The book was immediately withdrawn and all remaining copies were destroyed. Mackenzie was fined £100 for breaching the Official Secrets Act. Mackenzie's actions were now monitored by MI5. One agent claimed that he was overhead telling a journalist from the Daily Telegraph that MI5 was an inefficient organization and that Vernon Kell and his staff were incompetent.

Hugh Christie an MI6 agent working based in Berlin, met with Hermann Goering on 3rd February 1937. He immediately reported his conversation with Goering and included information that Germany intended to take control of Austria and Czechoslovakia. He also told Christie that Germany mainly wanted "a free hand in Eastern Europe."

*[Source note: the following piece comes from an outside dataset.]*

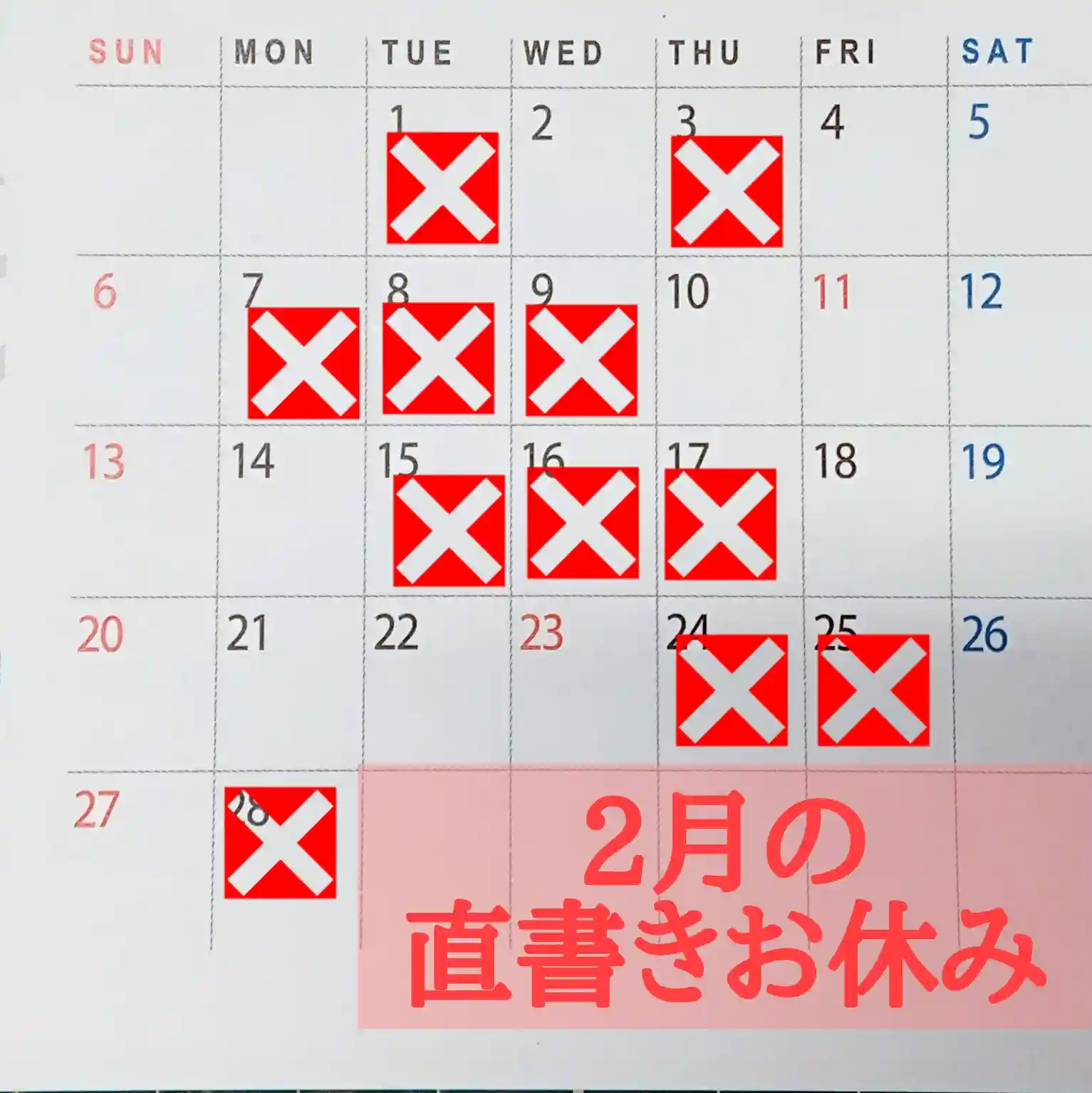 2月の直書きお休みカレンダー🗓

In March 1938 Hugh Christie told the British government that Adolf Hitler would be ousted by the military if Britain joined forces with Czechoslovakia against Germany. Christie warned that the "crucial question is 'How soon will the next step against Czechoslovakia be tried?' ... The probability is that the delay will not exceed two or three months at most, unless France and England provide the deterrent, for which cooler heads in Germany are praying."

International tension increased when Adolf Hitler began demanding that the Sudetenland in Czechoslovakia should be under the control of the German government. In an attempt to to solve the crisis, the heads of the governments of Germany, Britain, France and Italy met in Munich in September, 1938.

On 29th September, 1938, Adolf Hitler, Neville Chamberlain, Edouard Daladier and Benito Mussolini signed the Munich Agreement which transferred to Germany the Sudetenland, a fortified frontier region that contained a large German-speaking population. When Eduard Benes, Czechoslovakia's head of state, who had not been invited to Munich, protested at this decision, Chamberlain told him that Britain would be unwilling to go to war over the issue of the Sudetenland.

Several figures in MI6 were sympathetic to the government of Nazi Germany. Wing Commander Frederick Winterbotham head of MI6's air section, argued that Britain and Germany should unite against the Soviet Union. In March 1939 Hugh Sinclair rejected evidence that Germany planned to go to war against Britain as "alarmist rumours put forward by Jews and Bolsheviks."

In July 1939 Stewart Menzies went to Warsaw to supervise the capture of the Enigma coding device. On his return to Britain he became the Director General of MI6.

On 18th August, 1939, Hugh Christie, MI6's agent in Berlin, told the British government that Adolf Hitler had decided to launch an attack Poland in September. Once again Neville Chamberlain decided to ignore this information.

After the outbreak of the Second World War MI6 recruited a large number of part-time agents including Graham Greene, Malcom Muggeridge and Kim Philby. Over the next few years Menzies attempted to persuade Admiral Wilhelm Canaris, the head of Abwehr, the German Secret Service, to become a British agent. This strategy was unsuccessful.

In October 1944 Stewart Menzies appointed Kim Philby as head of Section IX (Soviet Affairs). After the war Philby was responsible for monitoring Soviet espionage. In this role he was able to protect other Soviet agents such as Guy Burgess, Donald Maclean and Anthony Blunt.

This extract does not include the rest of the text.